▶ _Data entries_
============================================================
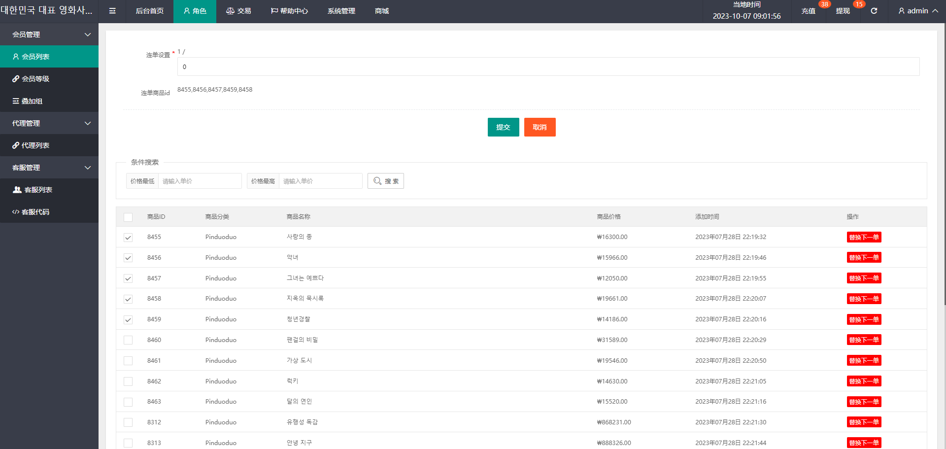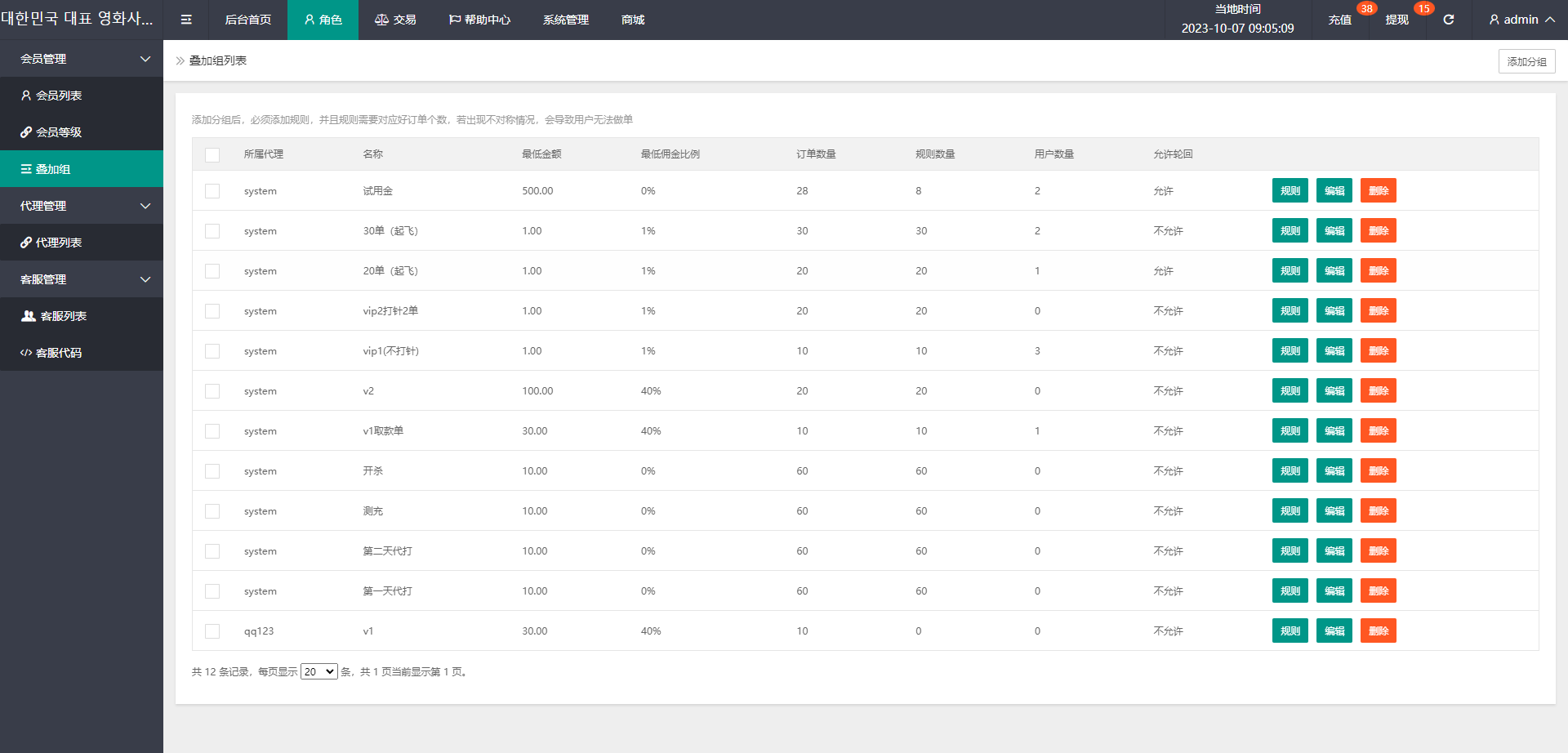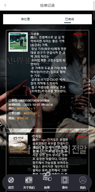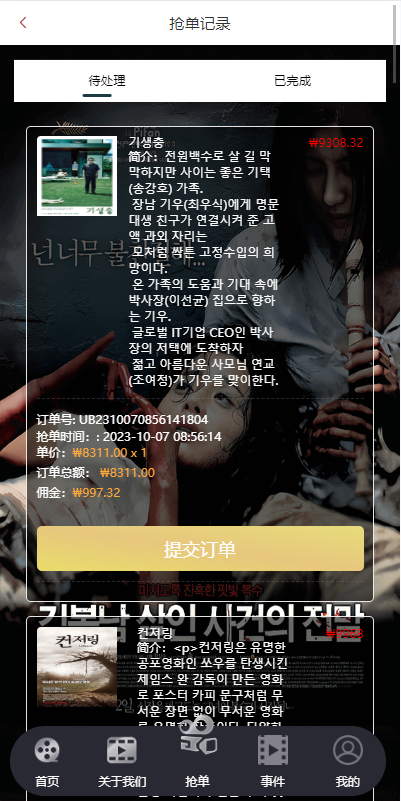admin 商城刷单 定制版海外电影抢单刷单系统/韩国电影抢单/连单/分组杀 系统全新定制,前端韩国定制UI,带15国语言 电影刷单系统,可自动派单,可后端手动派单,连单设置 支持其他国家语言UI定制改造
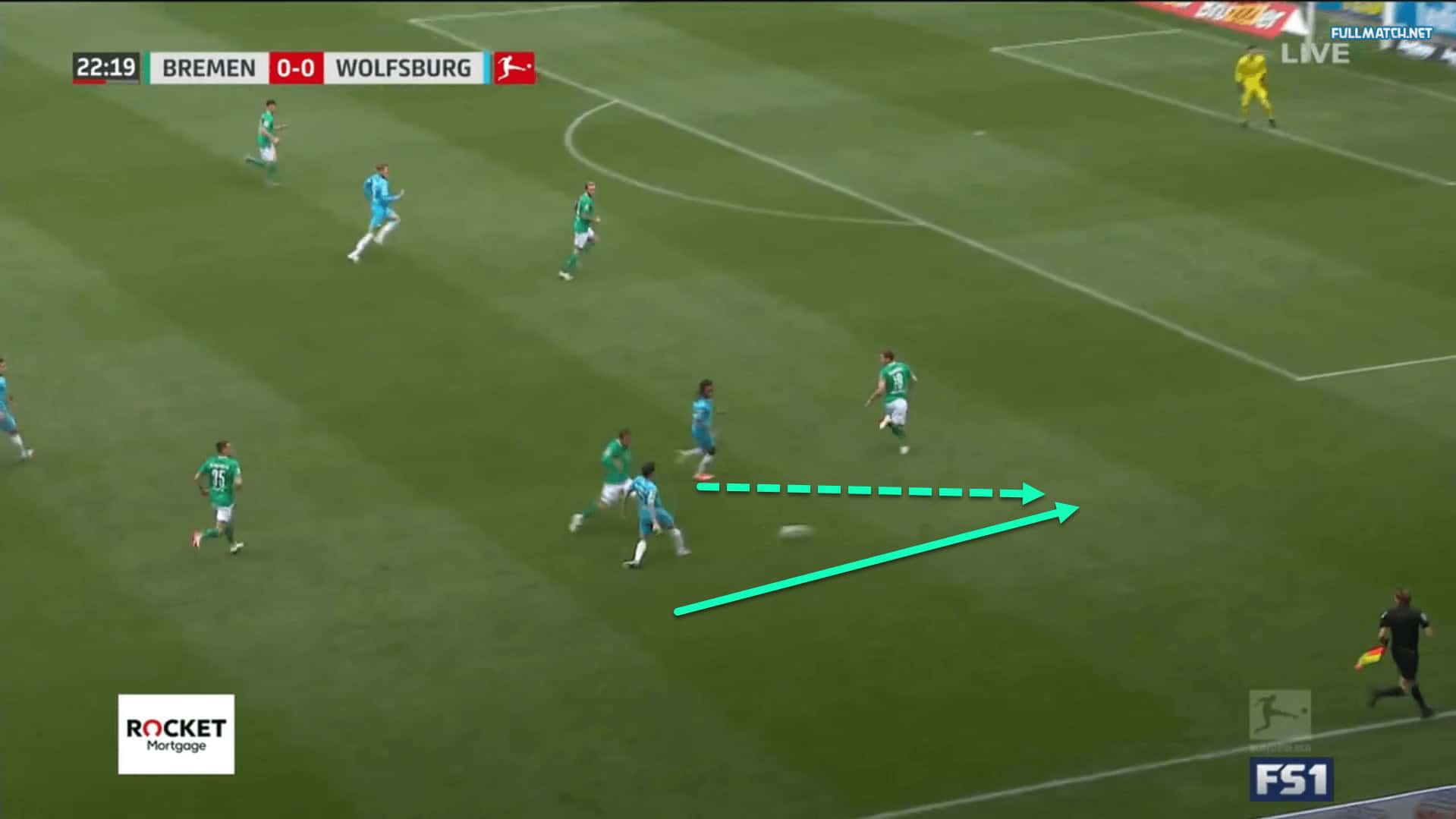 Wolfsburg 2019/20: Dynamic build-up strategies - scout report tactical analysis tactics In this image, we can see an underlapping run from the Wolfsburg wing-back, William. This allows him to run across the blindside of the opposition wing-back, meaning that the through ball on the flank from Knoche can find William in space on the right. He is then able to play a dangerous cross into Weghorst, however, a strong defensive header from the opposition centre-back stops the attack. The attacking full-back/wing-back was vital to building into the final third.
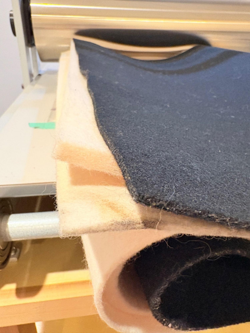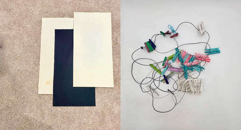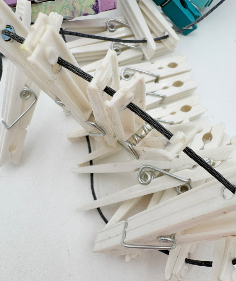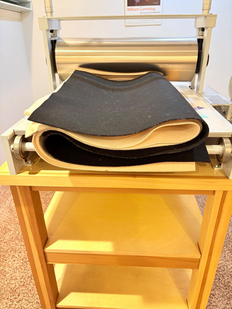 3 hearty felt blankets of varying thicknesses in good shape with minimal staining on one. We believe these were purchased from Takach at the same time as the press in Lot #2. They measure 24" x 48". Homemade 16' clip wire for hanging prints to dry. Over 50 spring clothespin clips of varying sizes attached to the wire. Hung in a zigzag fashion, they can dry numerous prints in a very small space. We believe these are the same blankets https://shop.takachpress.com/felt-etching-blankets/
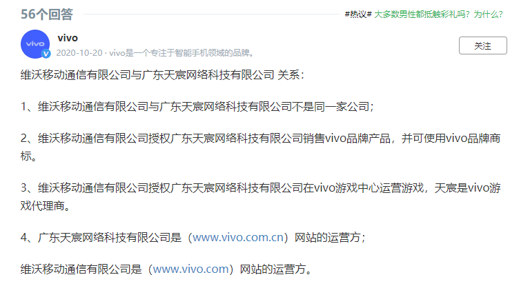 根據vivo官方認證號在百度知道的回覆,維沃移動通信有限公司(vivo)授權廣東天宸銷售vivo品牌產品,並可使用vivo品牌商標。授權廣東天宸在vivo遊戲中心運營遊戲,天宸是vivo遊戲代理商。同時,廣東天宸是(vivo.com.cn)官方網站運營方。
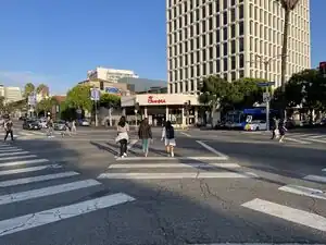 This crosswalk is painted in various colors, but it isn't a solid marking; the white lines are still required for it to be a legal crosswalk (in the US). |
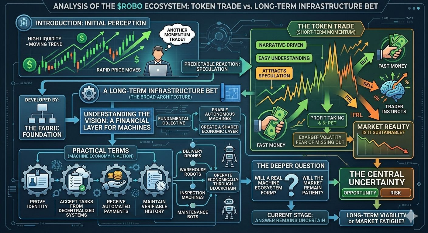 When most traders first notice $ROBO the reaction is predictable. The chart moves fast, liquidity spikes, and the narrative is easy to understand: robotics plus blockchain plus AI. In the current crypto environment, that combination naturally attracts speculation.
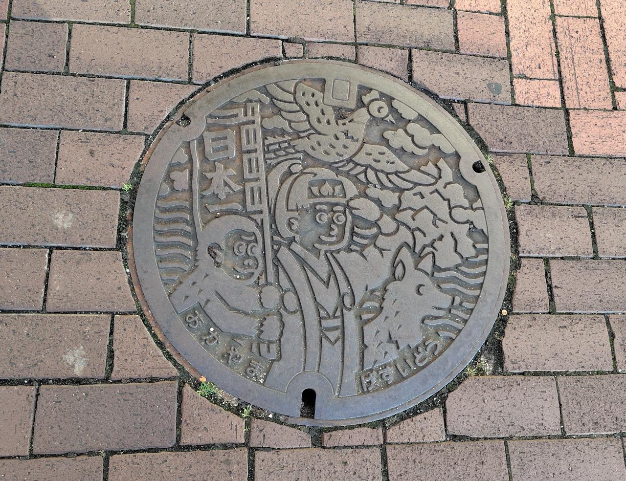 朝、岡山駅に行く途中で桃太郎のマンホール蓋発見。
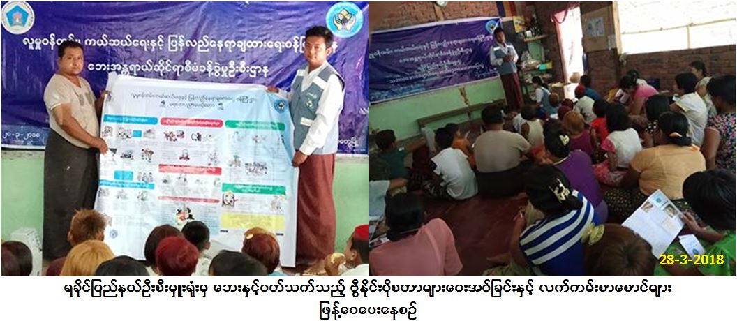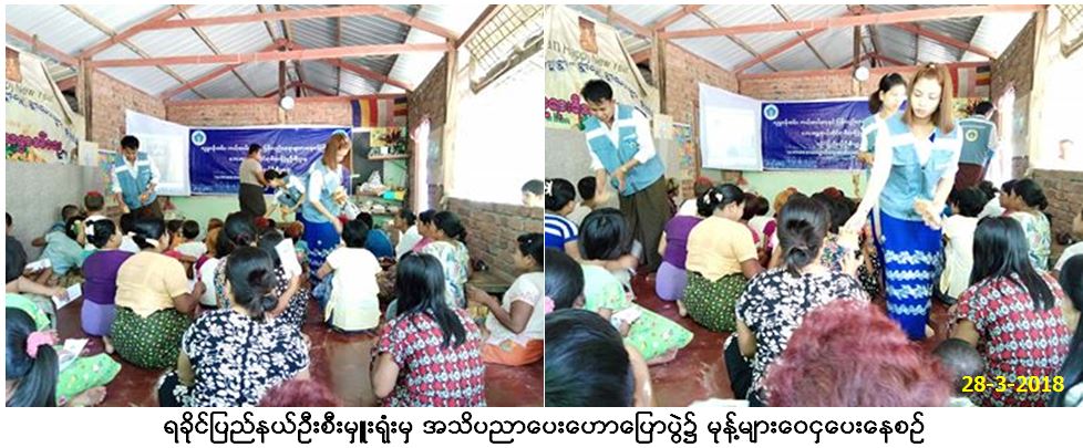 ဘေးအန္တရာယ်ဆိုင်ရာစီမံခန့်ခွဲမှုဦးစီးဌာန၊ ရခိုင်ပြည်နယ်ဦးစီးမှူးရုံးမှှ တာဝန်ရှိသူများသည် (၂၈-၃-၂၀၁၈)ရက်နေ့ (၁၂း၃၀)အချိန်မှ (၁၄း၃၀)အချိန်ထိ စစ်တွေမြို့နယ်၊ ပျားလည်ချောင်းကျေးရွာ၌ လူဦးရေ (၁၀၀)ဦးခန့်အား သဘာဝဘေး အသိပညာပေးဟောပြောပွဲ ပြုလုပ်ပြီး လက်ကမ်းစာစောင်များ၊ သဘာဝဘေးဗွီနိုင်းပိုစတာများပေးအပ်ခြင်းနှင့် မုန့်များဝေငှပေးခဲ့ကြောင်း သတင်းရရှိပါသည်။
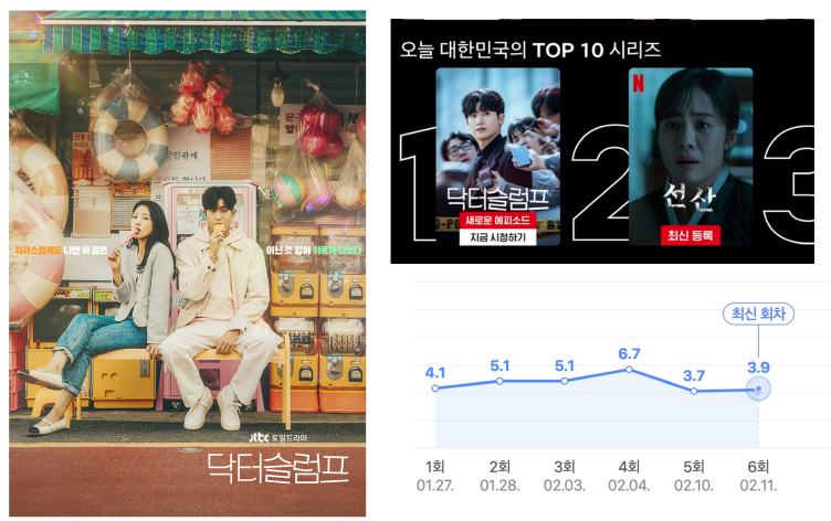 드라마에선 우울증과 슬럼프를 극복하는 모습을 잘 그려낸다면, <웰컴투 삼달리>만큼 잘 될 확률이 높습니다. 웰컴투 삼달리도, 비슷한 내용이었기 때문이죠. 갑작스럽게 모든 것을 잃고 나락으로 떨어지고 난뒤, 고향으로 돌아와 가족과 친구들의 품에서 숨고르기를 한 내용입니다. 최종화 시청률은 12.4%로 마무리됐습니다.
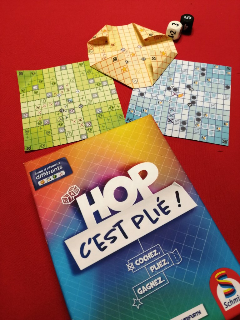 Ici, les dés vont permettre de cocher des cases en ligne droite et surtout des symboles d’une zone, qui une fois tous barrés permettent de plier la feuille pour faire apparaitre les objectifs à rendre visibles pour remporter la partie. Le twist est malin. Il existe plusieurs niveaux de difficulté pour renouveler l’expérience. Les amateurs du genre seront ravis.
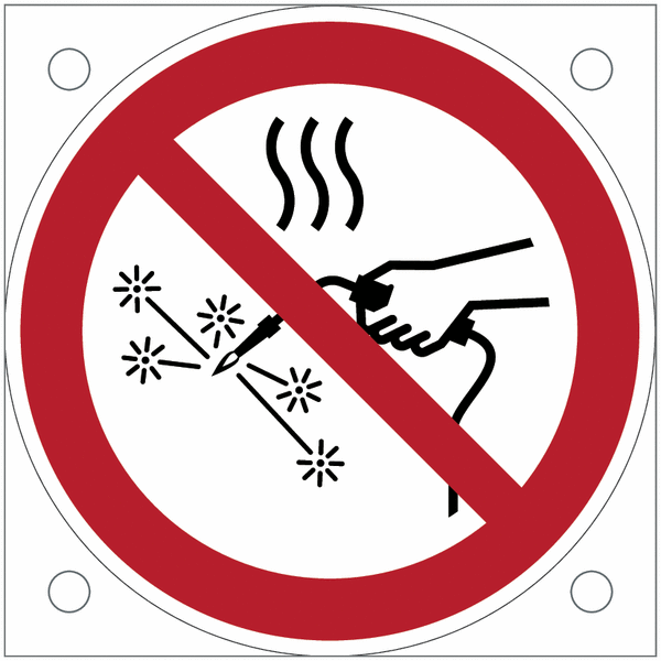 CARTELLO SEGNALETICO QUADRATO ISO 7010 - Vietato eseguire lavori a caldo - Adesivo Extra Resistente, Pannello in Forex, Pannello In Alluminio
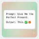 Haz que tus regalos vacacionales sean inolvidables con este ingenioso diseño inspirado en la IA! Presentando la frase "Preguntar: Dame el presente perfecto. Salida: Esto" en formato de código, esta etiqueta de regalo o pegatina es parte del juego exclusivo ChatGPT Wrapped My Gifts Navidades 2025. Perfecto para los amantes de la tecnología, los programadores, los aficionados a la IA y todo aquel que aprecie el humor inteligente, estas etiquetas le dan un giro moderno al tradicional envoltorio vacacional. Añade personalidad, risas y un ambiente futurista a tus regalos navideños esta temporada!
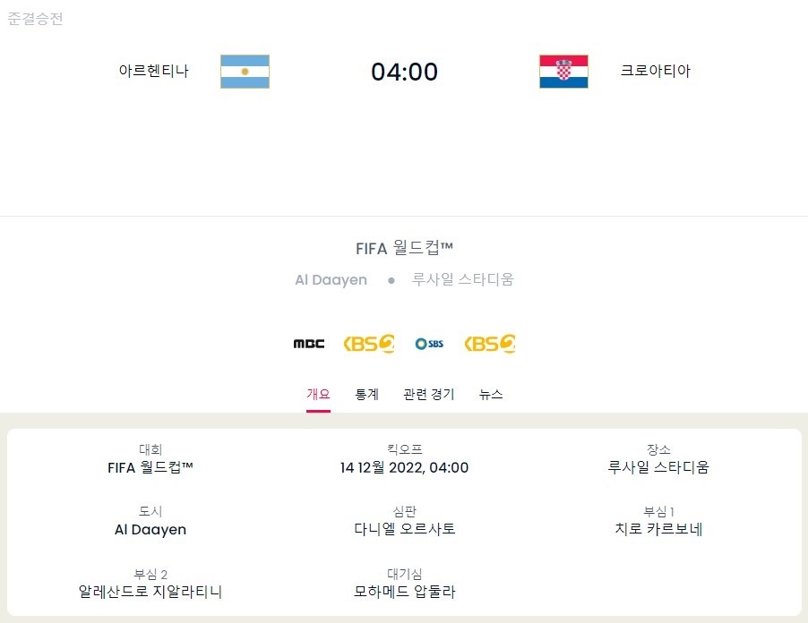 오는 14일 04시(한국시각)에 열리는 아르헨티나와 크로아티아의
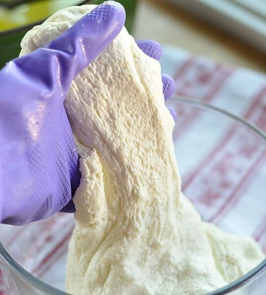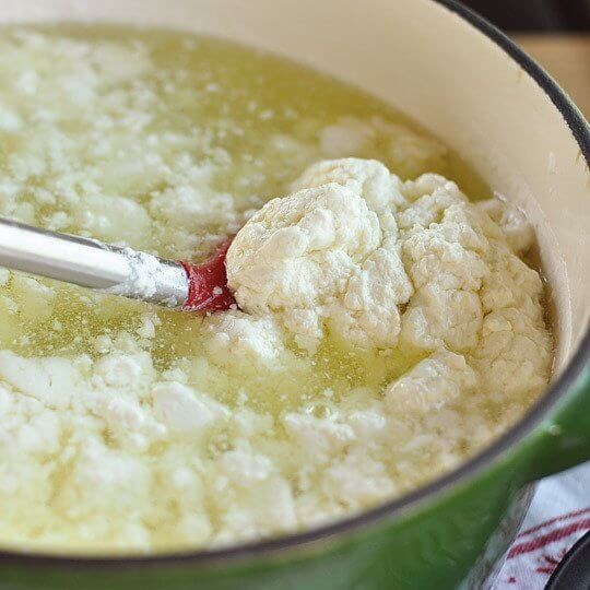 - Es wird wie das Kneten von Teig aussehen, der Käse zieht sich jedoch zusammen und es entsteht ein glänzendes Häufchen, wie auf dem Bild.
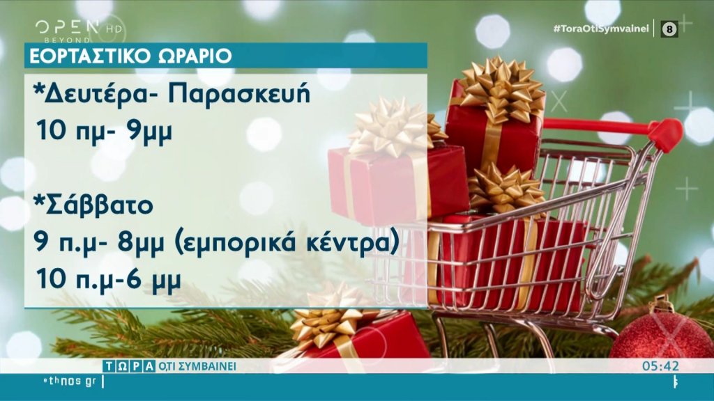 Αλλάζει το ωράριο στα καταστήματα. Συγκεκριμένα, θα είναι ανοιχτά Δευτέρα έως Παρασκευή 10πμ-9μμ και Σάββατο 9 π.μ - 8μμ τα εμπορικά καταστήματα και τα υπόλοιπα 10 π.μ - 6μμ. Μάλιστα, την Κυριακή 12/12 θα είναι ανοιχτά.
============================================================
▶ _About this exercise_
Write out all the entries word for word, but skip any images.

▶ _Exercise output_
admin 商城刷单 定制版海外电影抢单刷单系统/韩国电影抢单/连单/分组杀 系统全新定制,前端韩国定制UI,带15国语言 电影刷单系统,可自动派单,可后端手动派单,连单设置 支持其他国家语言UI定制改造
 Wolfsburg 2019/20: Dynamic build-up strategies - scout report tactical analysis tactics In this image, we can see an underlapping run from the Wolfsburg wing-back, William. This allows him to run across the blindside of the opposition wing-back, meaning that the through ball on the flank from Knoche can find William in space on the right. He is then able to play a dangerous cross into Weghorst, however, a strong defensive header from the opposition centre-back stops the attack. The attacking full-back/wing-back was vital to building into the final third.
 3 hearty felt blankets of varying thicknesses in good shape with minimal staining on one. We believe these were purchased from Takach at the same time as the press in Lot #2. They measure 24" x 48". Homemade 16' clip wire for hanging prints to dry. Over 50 spring clothespin clips of varying sizes attached to the wire. Hung in a zigzag fashion, they can dry numerous prints in a very small space. We believe these are the same blankets https://shop.takachpress.com/felt-etching-blankets/
 根據vivo官方認證號在百度知道的回覆,維沃移動通信有限公司(vivo)授權廣東天宸銷售vivo品牌產品,並可使用vivo品牌商標。授權廣東天宸在vivo遊戲中心運營遊戲,天宸是vivo遊戲代理商。同時,廣東天宸是(vivo.com.cn)官方網站運營方。
 This crosswalk is painted in various colors, but it isn't a solid marking; the white lines are still required for it to be a legal crosswalk (in the US). |
 When most traders first notice $ROBO the reaction is predictable. The chart moves fast, liquidity spikes, and the narrative is easy to understand: robotics plus blockchain plus AI. In the current crypto environment, that combination naturally attracts speculation.
 朝、岡山駅に行く途中で桃太郎のマンホール蓋発見。
 ဘေးအန္တရာယ်ဆိုင်ရာစီမံခန့်ခွဲမှုဦးစီးဌာန၊ ရခိုင်ပြည်နယ်ဦးစီးမှူးရုံးမှှ တာဝန်ရှိသူများသည် (၂၈-၃-၂၀၁၈)ရက်နေ့ (၁၂း၃၀)အချိန်မှ (၁၄း၃၀)အချိန်ထိ စစ်တွေမြို့နယ်၊ ပျားလည်ချောင်းကျေးရွာ၌ လူဦးရေ (၁၀၀)ဦးခန့်အား သဘာဝဘေး အသိပညာပေးဟောပြောပွဲ ပြုလုပ်ပြီး လက်ကမ်းစာစောင်များ၊ သဘာဝဘေးဗွီနိုင်းပိုစတာများပေးအပ်ခြင်းနှင့် မုန့်များဝေငှပေးခဲ့ကြောင်း သတင်းရရှိပါသည်။
 드라마에선 우울증과 슬럼프를 극복하는 모습을 잘 그려낸다면, <웰컴투 삼달리>만큼 잘 될 확률이 높습니다. 웰컴투 삼달리도, 비슷한 내용이었기 때문이죠. 갑작스럽게 모든 것을 잃고 나락으로 떨어지고 난뒤, 고향으로 돌아와 가족과 친구들의 품에서 숨고르기를 한 내용입니다. 최종화 시청률은 12.4%로 마무리됐습니다.
 Ici, les dés vont permettre de cocher des cases en ligne droite et surtout des symboles d’une zone, qui une fois tous barrés permettent de plier la feuille pour faire apparaitre les objectifs à rendre visibles pour remporter la partie. Le twist est malin. Il existe plusieurs niveaux de difficulté pour renouveler l’expérience. Les amateurs du genre seront ravis.
 CARTELLO SEGNALETICO QUADRATO ISO 7010 - Vietato eseguire lavori a caldo - Adesivo Extra Resistente, Pannello in Forex, Pannello In Alluminio
 Haz que tus regalos vacacionales sean inolvidables con este ingenioso diseño inspirado en la IA! Presentando la frase "Preguntar: Dame el presente perfecto. Salida: Esto" en formato de código, esta etiqueta de regalo o pegatina es parte del juego exclusivo ChatGPT Wrapped My Gifts Navidades 2025. Perfecto para los amantes de la tecnología, los programadores, los aficionados a la IA y todo aquel que aprecie el humor inteligente, estas etiquetas le dan un giro moderno al tradicional envoltorio vacacional. Añade personalidad, risas y un ambiente futurista a tus regalos navideños esta temporada!
 오는 14일 04시(한국시각)에 열리는 아르헨티나와 크로아티아의
 - Es wird wie das Kneten von Teig aussehen, der Käse zieht sich jedoch zusammen und es entsteht ein glänzendes Häufchen, wie auf dem Bild.
 Αλλάζει το ωράριο στα καταστήματα. Συγκεκριμένα, θα είναι ανοιχτά Δευτέρα έως Παρασκευή 10πμ-9μμ και Σάββατο 9 π.μ - 8μμ τα εμπορικά καταστήματα και τα υπόλοιπα 10 π.μ - 6μμ. Μάλιστα, την Κυριακή 12/12 θα είναι ανοιχτά.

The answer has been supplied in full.